What could possibly explain these astronomical prices per Gbyte?

There are at least several factors in play here:

  • The profit margin of selling CPUs is likely significantly higher than for selling DRAM. I would not be surprised if competition among DRAM manufacturers makes their profit margins somewhere around 5%, whereas CPU manufacturers are able to achieve significantly higher profit margins. Probably nowhere near as high as 90%, though. Maybe closer to 30% to 50%?

  • In CPU chips, only a fraction of the die area is taken up by cache memory, whereas for DRAM parts most of the die area is taken up by memory storage. I suspect this could account for a factor of around 5 to 10.

  • The cost to produce chips grows faster than linearly as the chips get larger, and these CPU chips are significantly larger than the DRAM devices. This is due to larger silicon dies having a larger fraction of them with at least one defect on them, causing them in some cases to be discarded, unless part of the chip can be disabled and the device sold as a cheaper smaller part (e.g. as a 4-core CPU instead of an 8-core CPU, because some cores are non-functional). DRAM parts probably have 90% or higher "yields" (fraction of chips that can be sold with full functionality), due to techniques to "route around" bad bits of memory to spare blocks of memory, because the structure of the logic is so regular and repeating. This is possible with CPU chips, too, but typically only for defects in the regular parts of the design (e.g. cache memory) or by disabling larger fractions of the chip (e.g. a whole CPU core).

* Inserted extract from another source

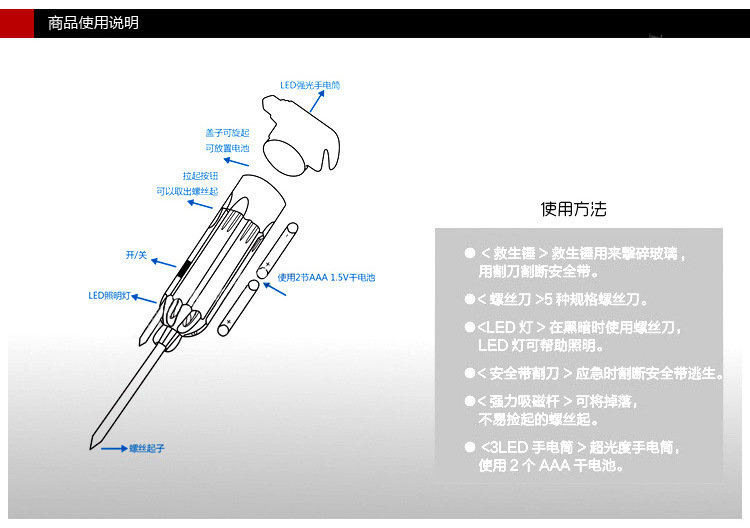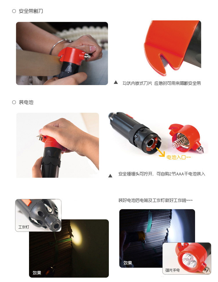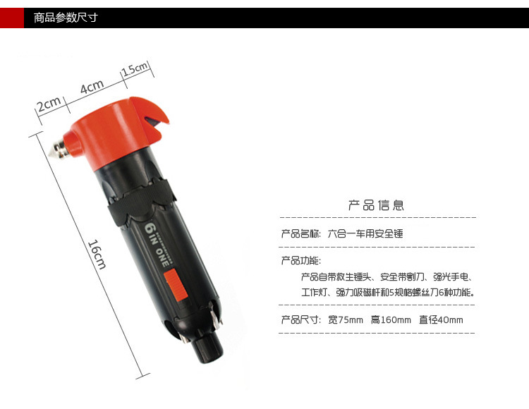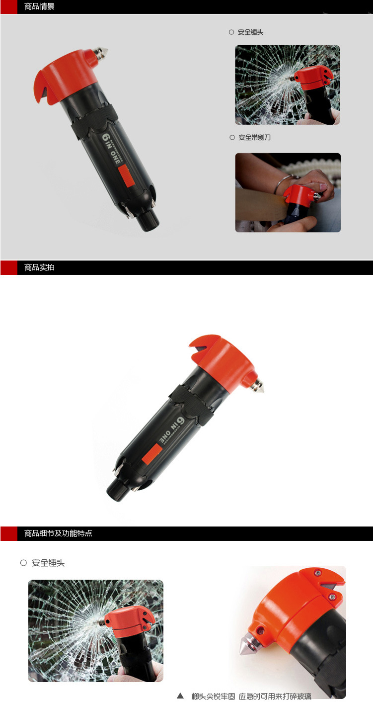 产品详情:产品称呼:六合一汽车多功能救生锤

  • The on chip caches are simply more die area per bit of storage than DRAM hardware is. They have lower latency requirements, and higher random access rates and bandwidths.

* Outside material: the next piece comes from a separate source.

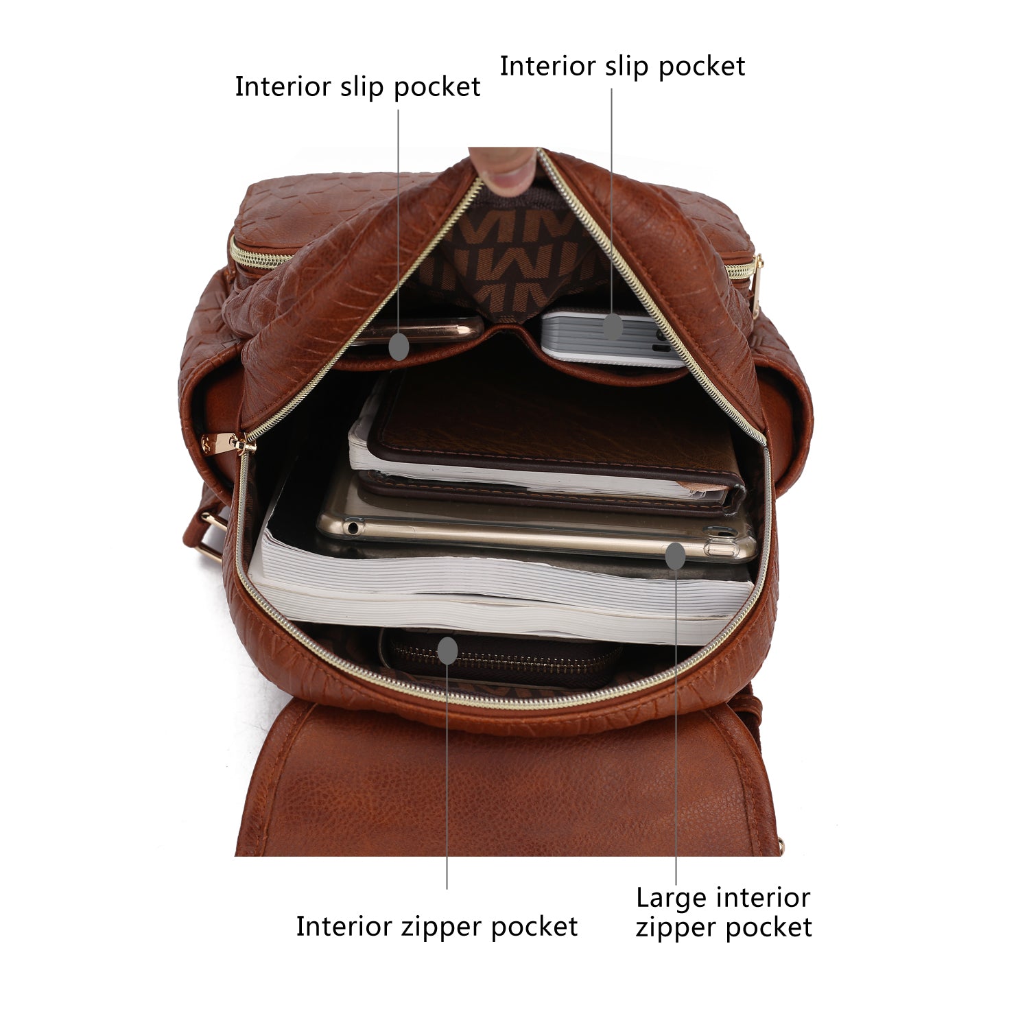 - POCKETS: Interior features a spacious compartment with two slip-in pockets and a wall zipper pocket

You may reasonably ask: Why no Intel processors on this list? The answer seems to be: they are not the cheapest CPUs available per bit of on-chip cache memory. Intel CPUs are all more expensive by that measurement than the CPUs above. This could be because Intel is able to sell their CPUs with a higher profit margin than AMD does, or Intel's CPUs have a smaller fraction of their die area consumed by cache memory, or some combination of those factors.